You can calculate the mathematical expectation of a system by the following formula:
Expectancy = (Average Profit X Win Rate) - (Average Loss X Loss Rate)
This formula requires that you take into account both the Win Rate and the Payoff Ratio when estimating the long-term profit potential. For example, a system with 50% accuracy and the 2 to 1 Payoff Ratio has an expectancy equal to 0,5. This means you can expect to earn 50% of the amount that you risk per trade on average. If you risk 2% of your capital per trade you can expect to earn 1% per trade (50% of 2%) on average with such a system. The formula looks like this:
Expectancy = (1+ Average Profit / Average Loss) X (Win Rate) -1
Short-term traders normally achieve higher Win Rate, while long-term traders generally achieve greater Profit factors (Average Profit / Average Loss). But both strive to have a positive Expectancy.
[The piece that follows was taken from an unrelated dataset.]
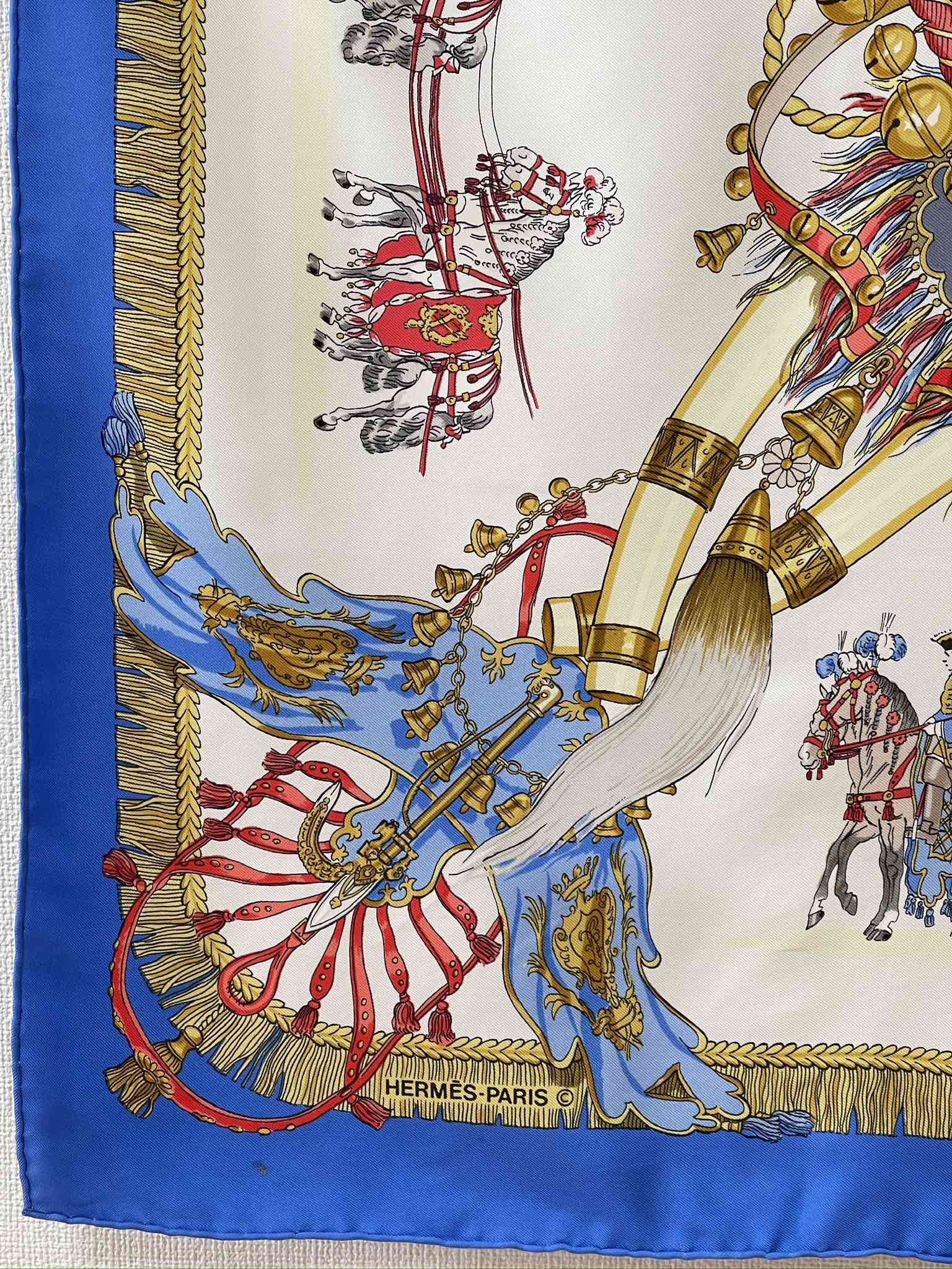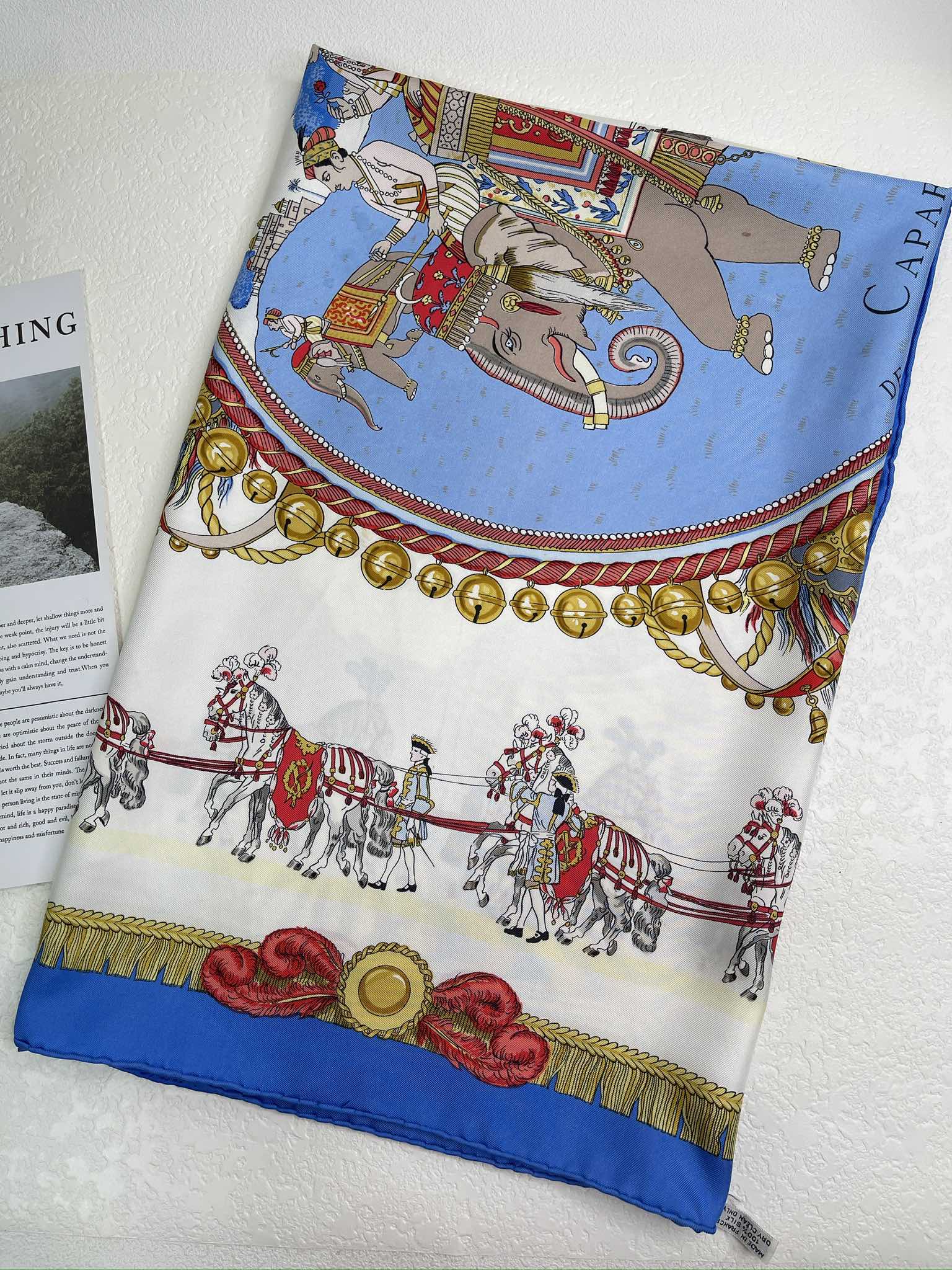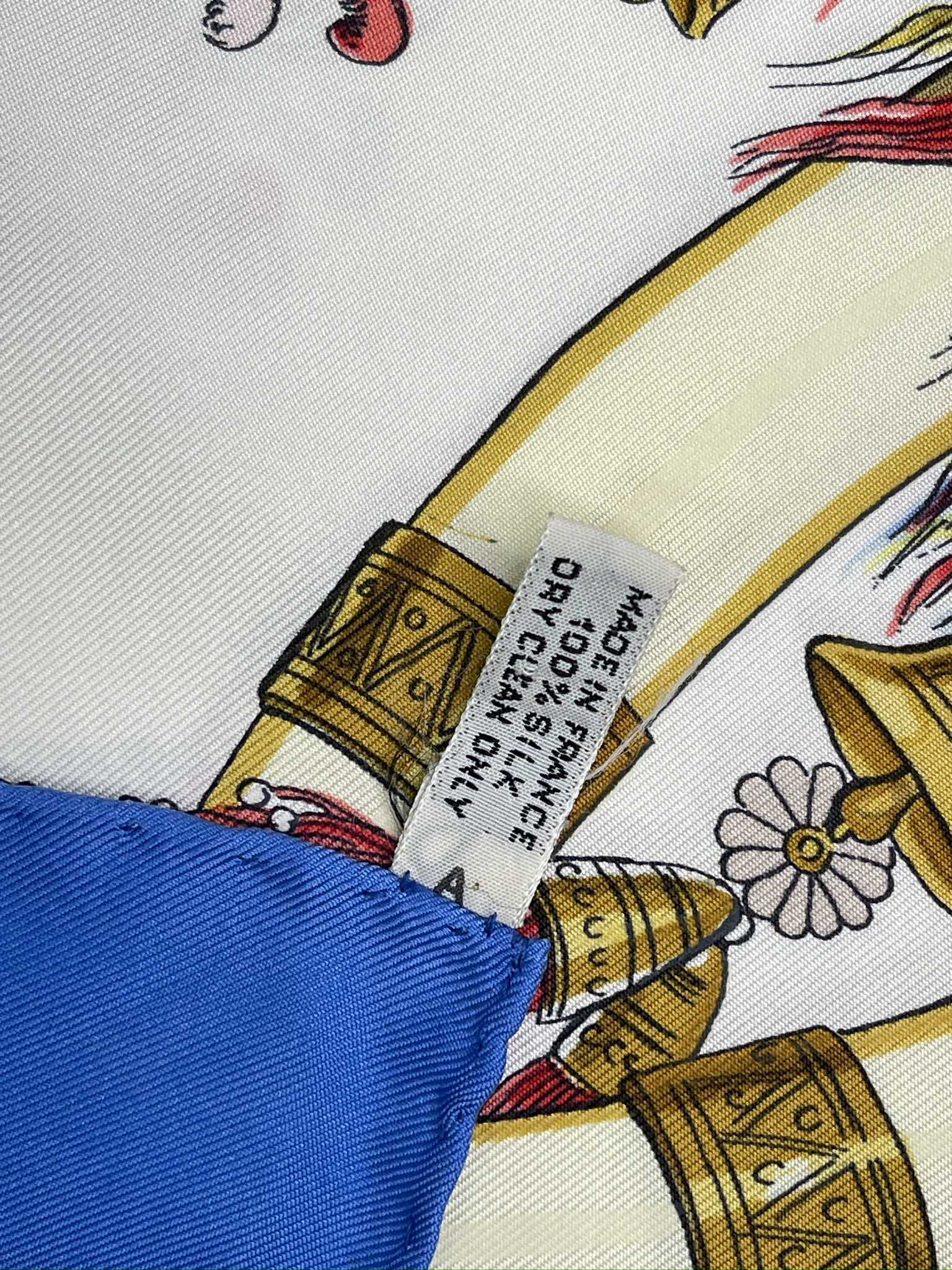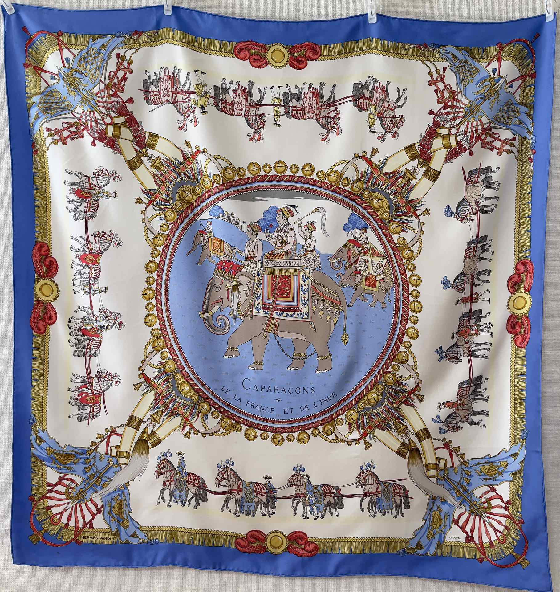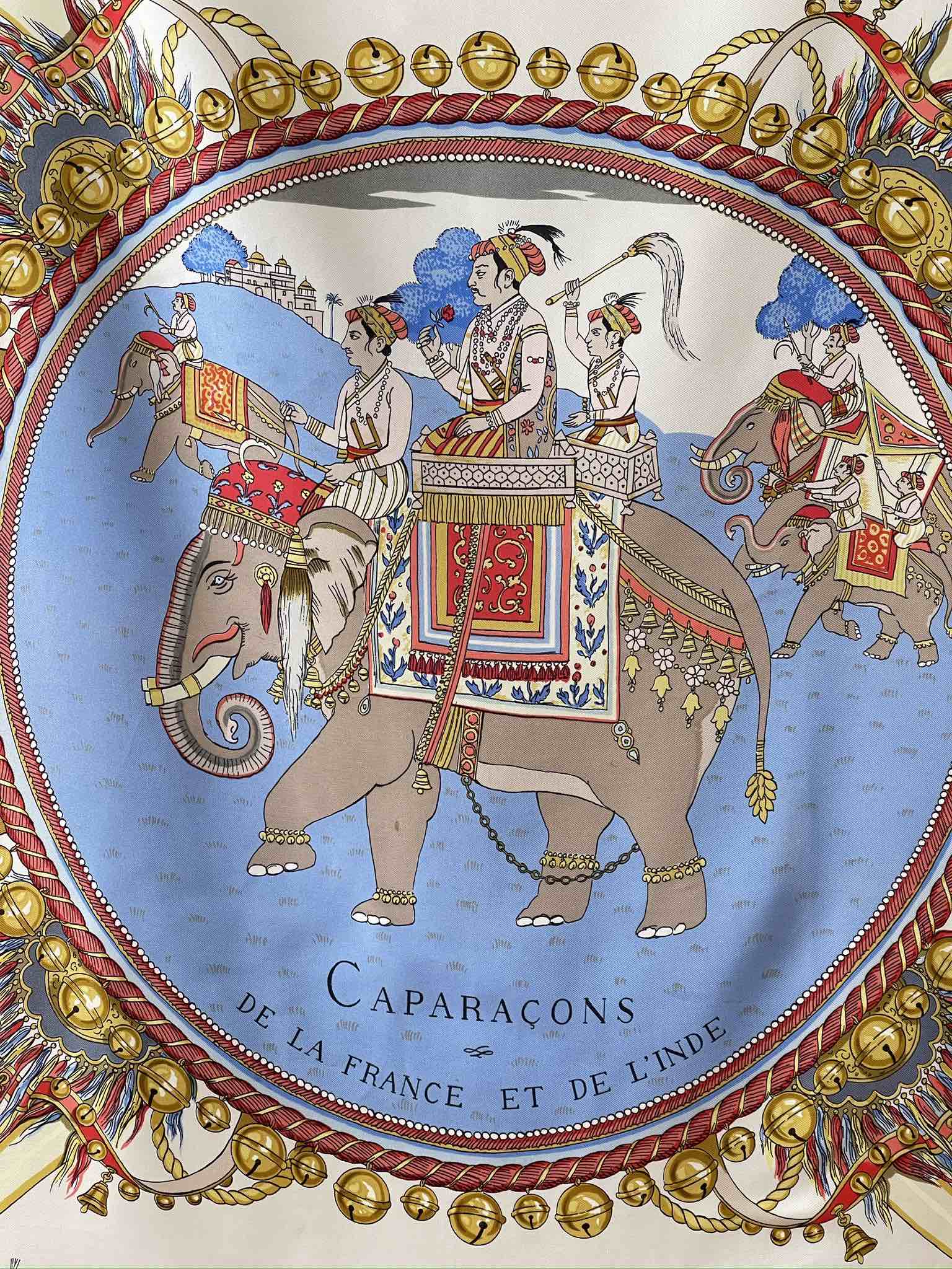 This is an authentic HERMES Silk Caparacons De La France Et De L'Inde Scarf 90. This is a stunning 100% silk scarf featuring a historic Hindu design with a central elephant enveloped in warm colors on a white background. Enjoy this scarf to be worn in many stylish ways, for the classic sophistication, only from Hermes!
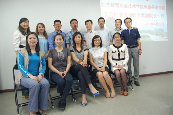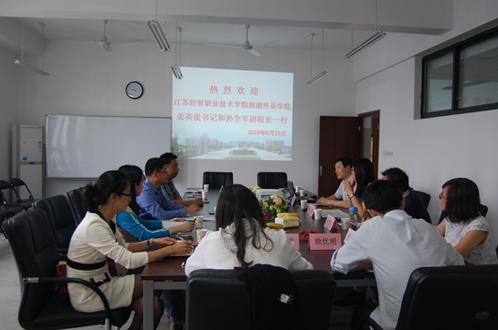 5月29日,江苏经贸职业技术学院旅游外语学院姜英俊书记、孙全军副院长一行七人前来我院进行考察交流,外语与旅游学院书记王占东、院长杨丽和各有关系、部负责人参加了交流会。

Negative mathematical expectation means you will lose your money over the long-term no matter how small or big your positions are. This happens for instance in a Casino where the mathematical expectation is always negative. And a zero expectation means you can expect your account to fluctuate around breakeven for ever. Ralph Vince states about this figure:
The difference between a negative expectation and a positive one is the difference between life and death. It doesn't matter so much how positive or how negative your expectation is; what matters is whether it is positive or negative.